I was running mostly on the left side of the road, grabbing shade where I could, though there wasn’t much of it so I cut corners where it made sense. The crowd was pretty spread out by mile 10 and I was pretty much in my own world. I was still feeling good enough and completely confident that I could turn it on in the final 6 miles. I just needed to get there in decent condition. But somewhere in my mind I knew I wasn’t going about it the right way. In 2007 my fastest mile was 23 in 6:36; yesterday my fastest miles were 10 in 7:09 and 13 in 6:50 - a dash to the 10 mile and halfway mats? Classy move for a 'veteran'. Especially when mile 14 took me 7:51.

I guess it around this point that I started to question how prepared I really was for a 3:12 race. Or a 3:15 race for that matter. Lots of recalculating kept my mind occupied as the miles seemed to pass slower and the water stops were not coming quickly enough. I was drinking 2 cups of water at each station and taking a cup of ice with me. Miles 15-16-17 were OK. Not great but OK. I saw Wayne along here. That was cool. It’s always uplifting to hear someone call your name!
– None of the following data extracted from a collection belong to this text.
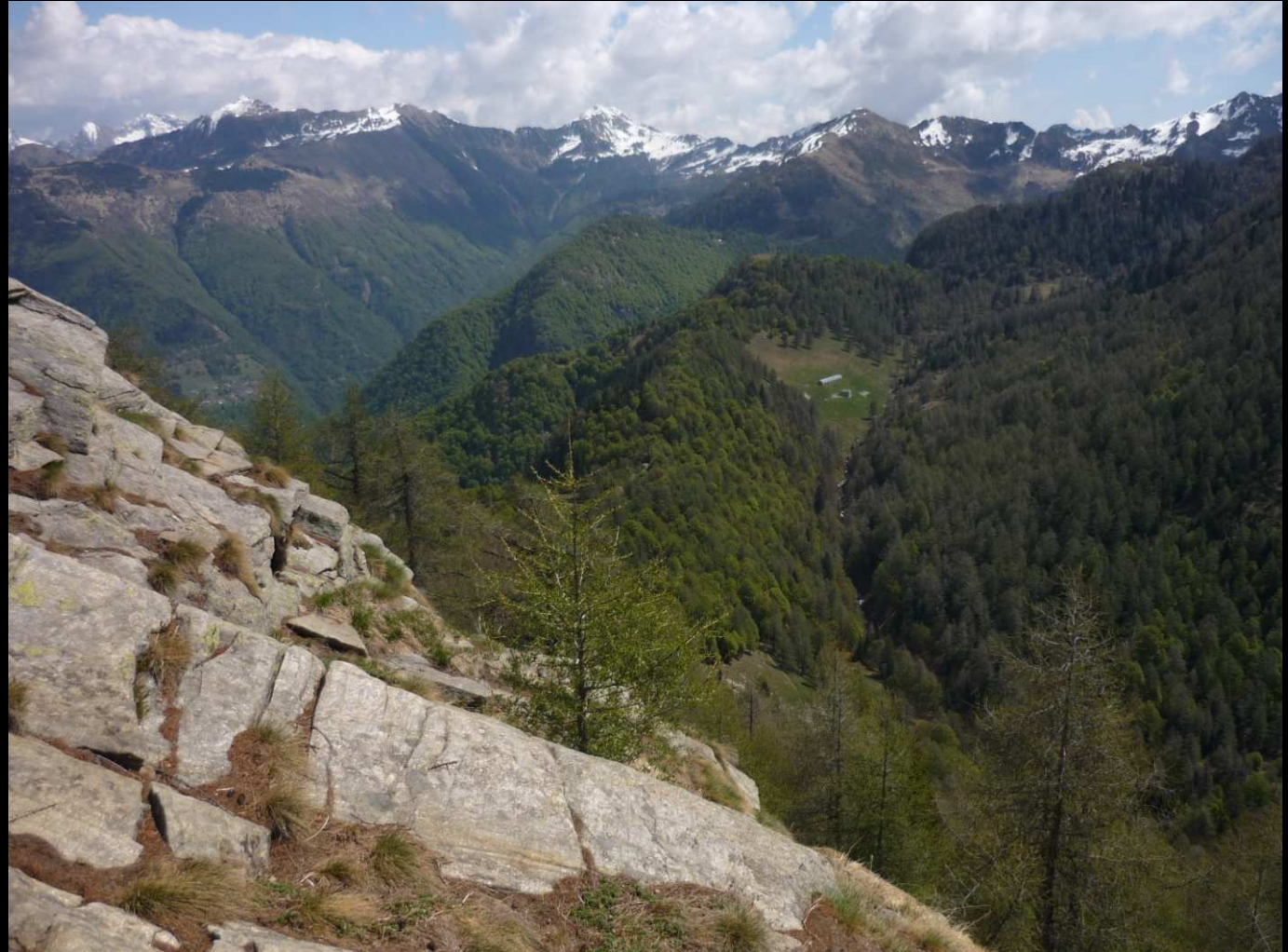
Corte di Mezzo, punto di arrivo del nostro sopralluogo, visto dal Pizzo di Corgella

Ricordiamo che, dopo Corte di Mezzo, si tratta di una salita EE e il dislivello sarà di 1176 mt .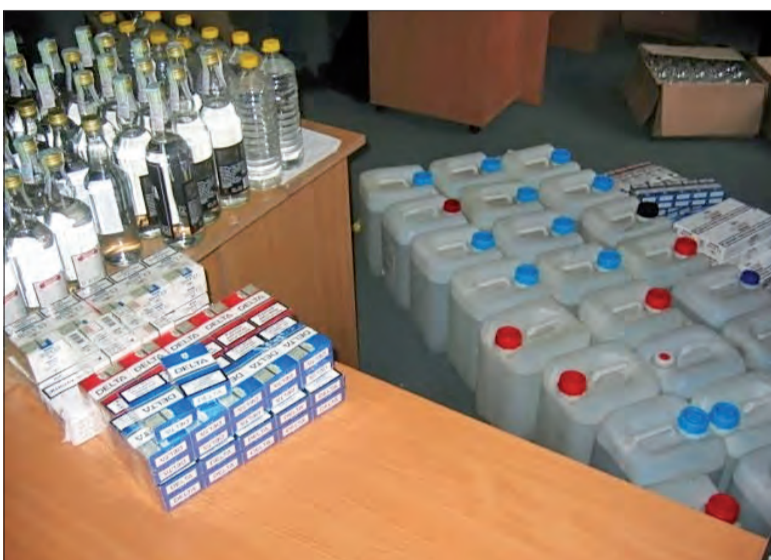
Nieoczyszczony spirytus w 10-litrowych baniakach i pseudomarkowe wódki znalezione w Dzierzgowie były schowane w kanale samochodowym

Najpierw, w czasie kontroli targowiska w Łyszkowicach, w samochodzie osobowym marki Lada, na ukraińskich numerach rejestracyjnych, celnicy znaleźli 49 butelek alkoholu oraz 77 paczek papierosów różnych marek. Właścicielką towaru była 46-letnia obywatelka Ukrainy, która jako miejsce swojego czasowego pobytu wskazała jedną z posesji we wsi Dzierzgow w gminie Nieborów. Na miejsce pojechała grupa celników z WZP. W wyniku kontroli tej posesji funkcjonariusze ujawnili kolejne dwadzieścia trzy 10-litrowe pojemniki ze spirytusem oraz 380 paczek papierosów różnych marek. Nielegalne towary ukryte zostały w kanale samochodowym, który był w budynku gospodarczym. Oprócz tego znaleziono tam również setki pustych butelek i kapsli oraz podrabianych etykiet i banderoli.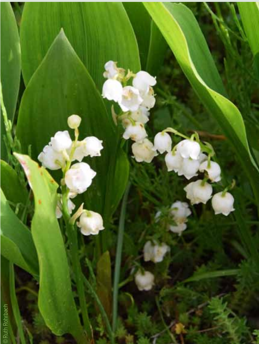
GOTTESDIENSTE IM MAI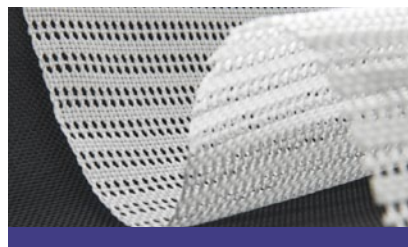
LECO Tex Multifil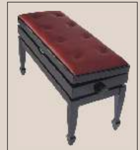
Sitzbezug "Leder kapitoniert rot"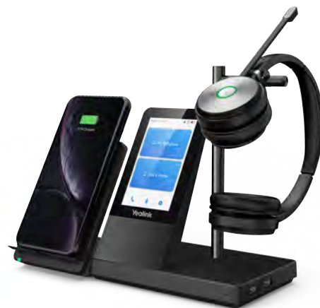
WH66 avec chargeur * Le chargeur sans fil est en option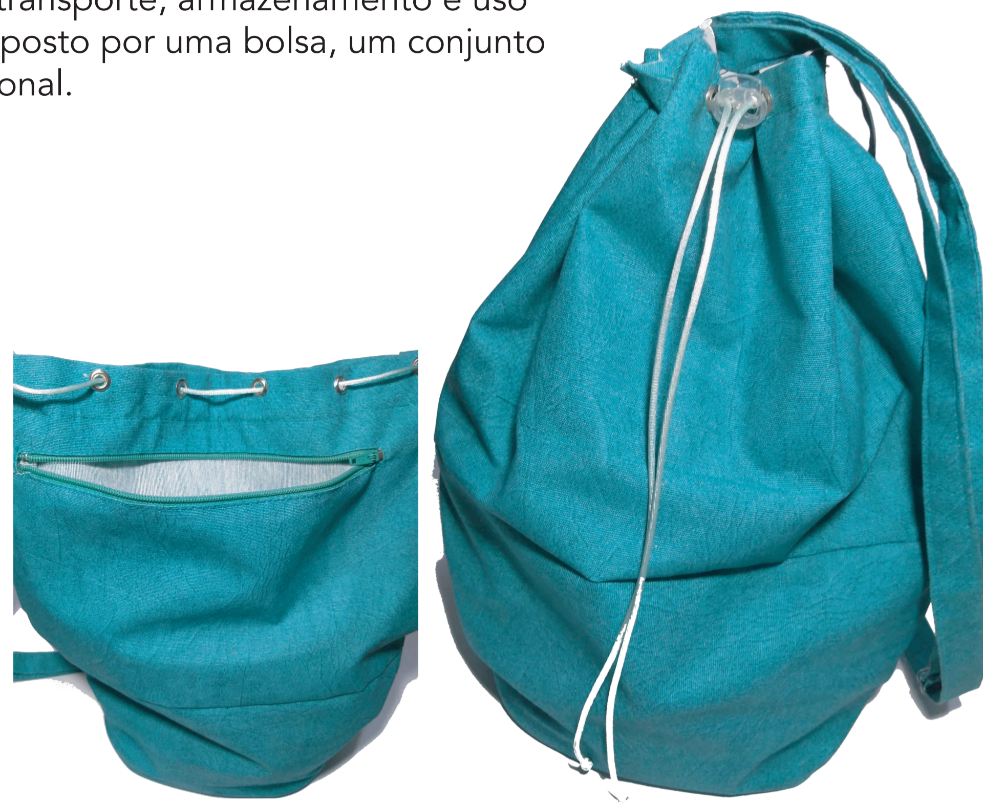
Figura 1 - Bolsa resistente a água.

A bolsa (figura 1) é confeccionada em material resistente a água e organizada com dois compartimentos: 1) bolso interno grande, onde podem ser armazenados o kit de módulos e pertences como roupas e produtos de higiene; 2) bolso com acesso externo fechado com zíper, onde podem ser colocados objetos menores e objetos de valor que não podem ser molhados, permitindo que o usuário mantenha esses pertences sempre ao alcance.

And there was still a chance of the goal and a good chance of 3:15. And then mile 18. In 2007 this was like the best mile of the race. It was where I started to drop my pace, knowing I was going to have an awesome day. Yesterday, it was the first time in a long time that my watch registered over 8 minutes in a road race. I had to stop a few times with stomach cramp. It came on all of a sudden. Looking back it was pretty much exactly what happened that humid day in May on my crappy 18 miler. I guess more conditioning is the answer. I don’t think it was fluid or nutrition related. It seemed to go away again and mile 19 was OK. Back to 7:25 pace. Mile 20 wasn’t so hot. I saw the port-a-potty and went for it – I did need it but really it was as much for the rest as anything. 8:27. Ouch. Across the 20 mile mat in 2:30:01. I had given up looking at the 3:15 pace band by this point. The 3:10 pace band (yes, I actually had the nerve to wear one of them) was hidden beneath it at around mile 10 and didn’t make a reappearance.

Finally we were heading towards town. And somewhere in my mind I still thought I could pick it up. I actually felt like I was running much faster than I was. Well, I probably was doing 7:10’s or thereabouts but I had to stop at least once a mile with the pain in my side so that my splits were 7:44, 7:39, 7:43. No sub-45 minute final 10k today. But possibly I could still PR. Lemon Drop came and went without much fuss. John was about half way up though I was almost gone by before I saw him as my eyes were firmly fixed on the ground at this stage. And somewhere along here I came across Nic and Kurt. The conditions scuppering their plans also.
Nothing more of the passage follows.